In my last blog post, we reviewed the most prevalent detection strategies and how we can best implement them. This post dives into understanding how to catch what our other systems missed, using attacker behavior analytics and anomaly detection to improve detection.

Understand Your Adversary – Attack Methodology Detection

Contextual intelligence feeds introduce higher fidelity and the details needed to gain insight into patterns of attacker behavior. Attackers frequently rotate tools and infrastructure to avoid detection, but when it comes to tactics and techniques, they often stick with what works. The methods they use to deliver malware, perform reconnaissance, and move laterally in a network do not change significantly.

A thorough understanding of attacker methodology leads to the creation and refinement of methodology-based detection techniques. Knowledge of applications targeted by attackers enables more focused monitoring of those applications for suspicious behaviors, thus optimizing the effectiveness and efficiency of an organization's detection program. An example of application anomaly-based detection is webshells on IIS systems:

It is anomalous for IIS to spawn a command prompt, and the execution of “whoami.exe” and “net.exe” indicate likely reconnaissance activity. By understanding the methods employed by attackers we generate detections that will identify activity without relying on static indicators such as hashes or IPs. In this case we are using the low likelihood of IIS running CMD and the rare occurrence of CMD executing ‘whoami' and ‘net [command]' to drive our detection of potential attacker activity.

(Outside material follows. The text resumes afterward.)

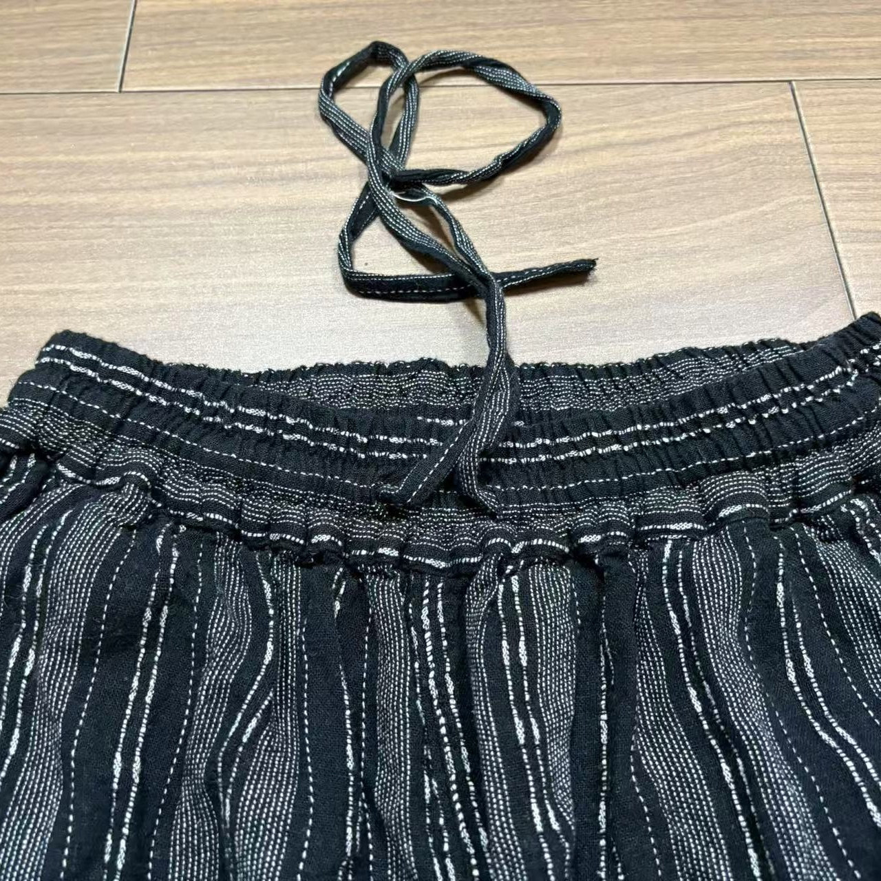 📚 高垂感纯麻细条纹直筒裤女2026夏季新款系带松紧腰宽松亚麻长裤

Additionally, attackers must reconnoiter networks both internally and externally to identify target systems and users. Reviewing logs for unusual user-to-system authentication events, suspicious processes (for example, ‘dsquery', ‘net dom', ‘ping –n 1', and ‘whoami'), especially over abbreviated time periods, can provide investigative leads to identify internal reconnaissance.

Even without a constant stream of real-time data from endpoints, we can model behavior and identify anomalies based upon the frequency of an item across a group of endpoints. By gathering data on persistent executables across a network, for example, we can perform frequency analysis and identify rare or unique entries for further analysis. Simple techniques like frequency analysis will often reveal investigative leads from prior (or even current) compromises, and can be applied to all manner of network and endpoint data.

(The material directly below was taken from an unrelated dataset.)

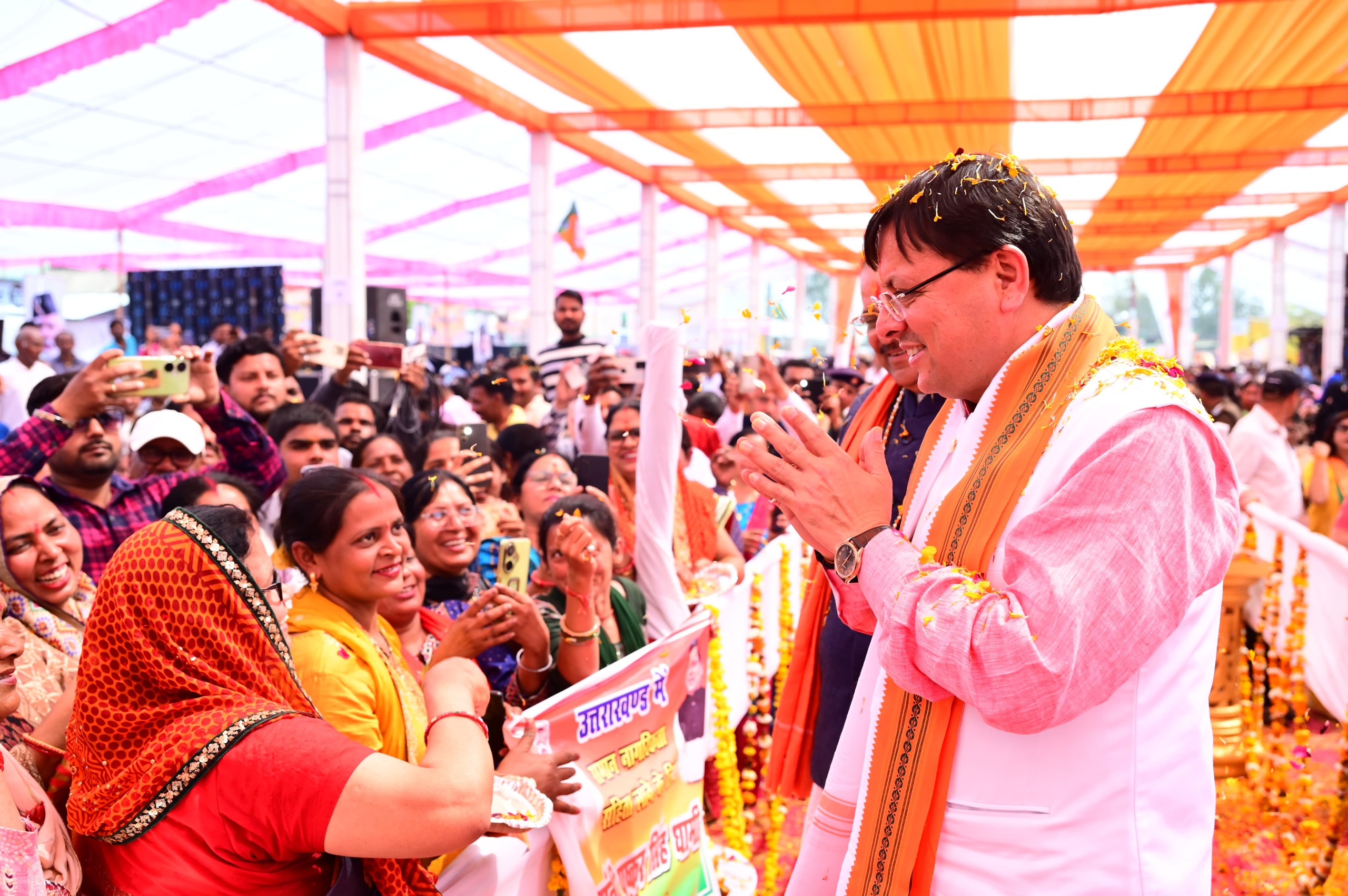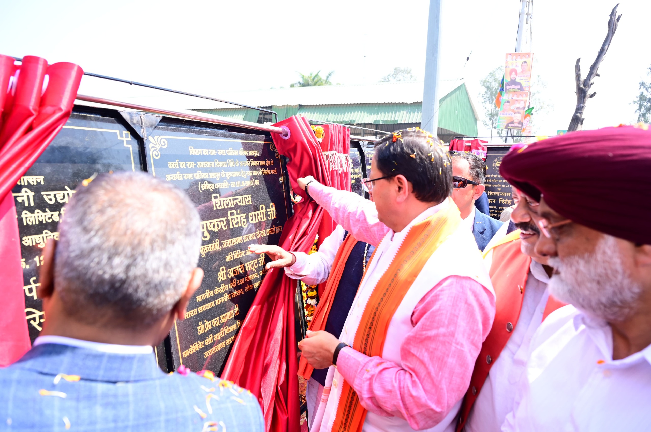 जसपुर : मुख्यमंत्री पुष्कर सिंह धामी शुक्रवार को कृषि उत्पादन मण्डी समिति में आयोजित लाभार्थी सम्मान समारोह में शामिल हुए। कार्यक्रम में मुख्यमंत्री का गीत, नृत्य, पुष्प वर्षा से जोरदार स्वागत किया गया। इस दौरान मुख्यमंत्री ने आम जन पर पुष्प वर्षा करते हुए जनसैलाब का अभिवादन स्वीकार किया। मुख्यमंत्री ने रू. 28.20 करोड़ की 7 विकास योजनाओं का शिलान्यास एवं लोकार्पण किया जिसमें 1.51 करोड़ रुपए की लागत से नगर पालिका परिषद, जसपुर के मुख्यालय के नए भवन का निर्माण कार्य, 1.41 करोड़ की लागत से विधानसभा क्षेत्र खटीमा के अंतर्गत बनखण्डी मन्दिर, चकरपुर के सौंदर्यीकरण का कार्य, 10.00 करोड़ रुपए की लागत से नादेही चीनी मिल के बॉयलरों का अपग्रेडेशन का कार्य, 0.8267 करोड़ रुपए की लागत से जसपुर के अंतर्गत ग्राम हलदुवासाहू में हिडिम्बा देवी मंदिर का सौंदर्यीकरण का कार्य, 77 लाख रुपए की लागत से जसपुर में एनएच 74 (पुराना) के किमी 131 से जसपुर धामपुर मार्ग के किमी 1 को जोड़ने वाले क्षतिग्रस्त मार्ग का पुनः निर्माण एवं सुधारीकरण का कार्य एवं 12 करोड़ किच्छा चीनी मिल के लघु आधुनिकीकरण, 1.69 करोड़ की लागत से जल जीवन मिशन के अंतर्गत पेयजल निर्माण कार्य का लोकार्पण का कार्य शामिल है।

Expanding beyond a reliance primarily on traditional static indicator-based detection and adding a focus on attacker behavior increases the likelihood of detecting previously unknown malware and skilled attackers. A culmination of multiple detection strategies is necessary for full coverage and visibility: proactive detection technology successfully blocks known-bad, contextual intelligence assists in identifying less common malware and attackers, and methodology-based evidence gathered from thorough observation provides insight into potential indicators of compromise.

Use the Knowledge You Have

IT and security staff know their organization's users and systems better than anyone else. They work diligently on their networks every day ensuring uptime of critical components, enablement of user actions, and expedient resolution of problems. Their inherent knowledge of the environment provides incredible depth of detection capabilities. In fact, IT support staff are frequently the first to know something is amiss, regardless if the problem is caused by attacker activity.  Compromised systems may often exhibit unusual symptoms and become problematic for users, who report the problems to their IT support staff.

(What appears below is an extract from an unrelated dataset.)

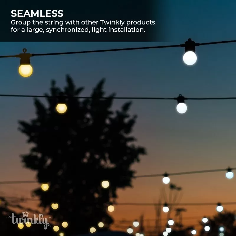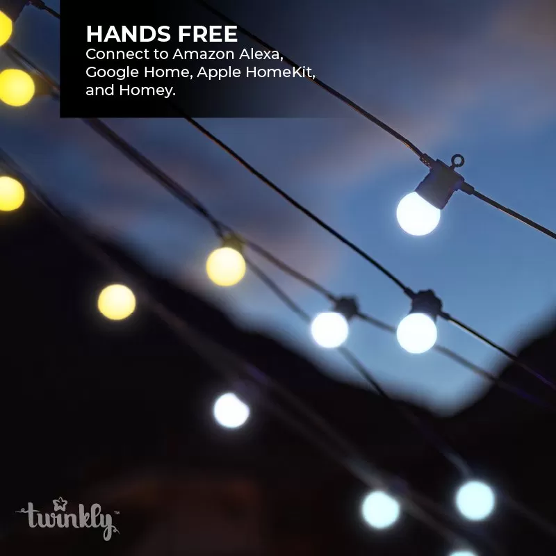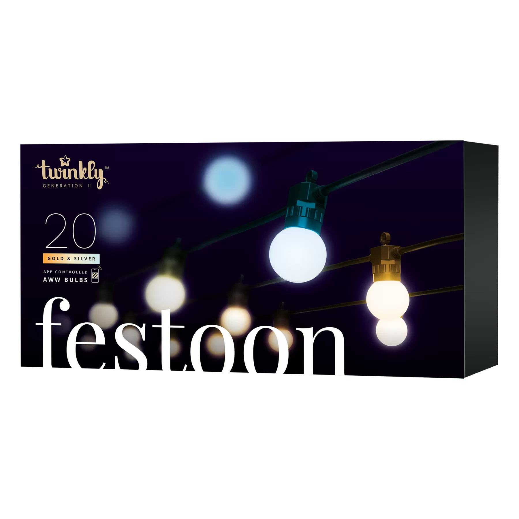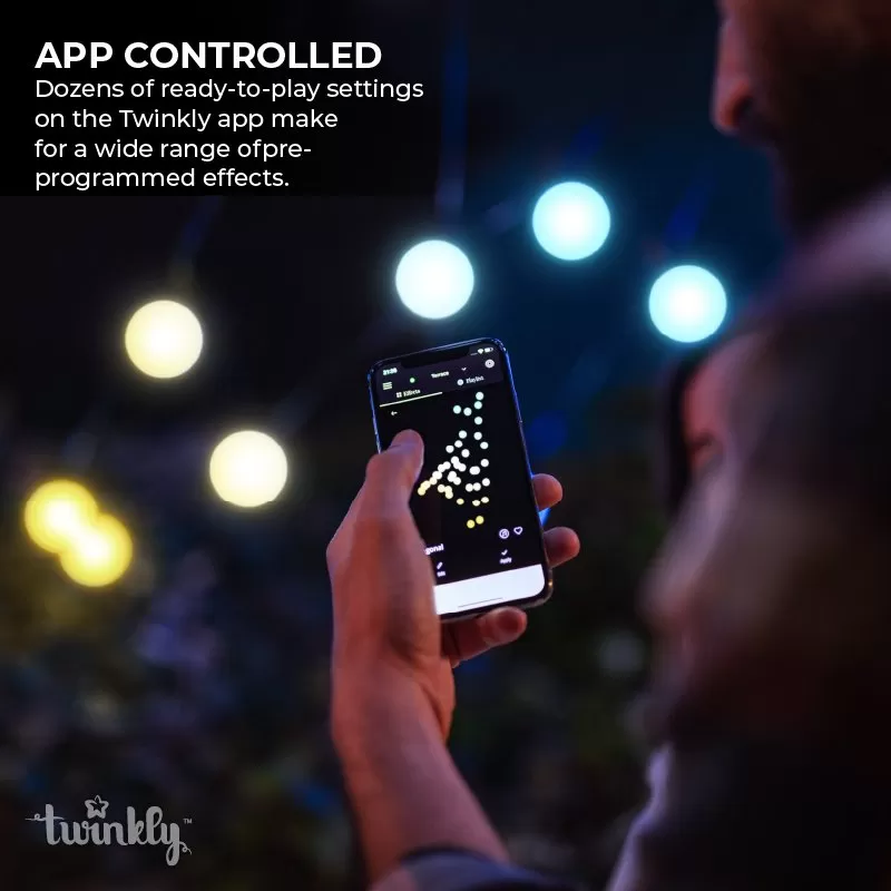 Twinkly Festoon is a smart LED bulb light string that can be controlled with the Twinkly App and vocal assistants. The Festoon Gold & Silver is designed with amber, warm white, and cool white light sources seamlessly set on every single LED. Twinkly Festoon is perfect both for summer and the Christmas season, bringing the most advanced technology to your outdoor lighting decoration. Twinkly Festoon uses a Bluetooth® and Wi-Fi controller with a Twinkly App, allowing you to control each LED individually. Using the app, create your own light design using unique effects, gradients, and color animations, or select from the wide range of pre-programmed effects. Group with other Gold & Silver products by Twinkly for a large, synchronized, light installation.

Environment-specific threat detection is Rapid7's specialty. Our InsightIDR platform continuously monitors user activity, authentication patterns, and process activity to spot suspicious behavior. By tracking user authentication history, we can identify when a user authenticates to a new system, over a new protocol, and from a new IP. By tracking the processes executed on each system we can identify if a user is running applications that deviate from their normal patterns or if they are running suspicious commands (based on our knowledge of attacker methodology). Combining user authentication with process execution history ensures that even if an attacker accesses a legitimate account, his tools and reconnaissance techniques will give him away. Lastly, by combining this data with threat intelligence from previous findings, industry feeds, and attacker profiles we ensure that we prioritize high-fidelity investigative leads and reduce overall detection time, enabling faster and more effective response.

Let's walk through an example: Bob's account is compromised internally:

After compromising the system, an attacker would execute reconnaissance commands that are historically dissimilar to Bob's normal activity. Bob does not typically run ‘whoami' on the command line or execute psexec, nor has Bob ever executed a powershell command – those behaviors are investigative elements that individually are not significant enough to alert on, but in aggregate present a trail of suspicious behavior that warrants an investigation.

Knowledge of your environment and what is statistically ‘normal' per user and per system enables a ‘signature-less' addition to your detection strategy. Regardless of the noisy and easily bypassed malware hashes, domains, IPs, IDS alerts, firewall blocks, and proxy activity your traditional detection technology provides, you can identify attacker activity and ensure that you are not missing events due to stale or inaccurate intel.

Once you have identified an attack based on user and system anomaly detection, extract useful indicator data from your investigation and build your own ‘known-bad' threat feed. By adding internal indicators to your traditional detection systems, you have greater intel context and you can simplify the detection of attacker activity throughout your environment. Properly combining detection strategies dramatically increases the likelihood of attack detection and provides you with the context you need to differentiate between ‘weird', ‘bad', and ‘there goes my weekend'.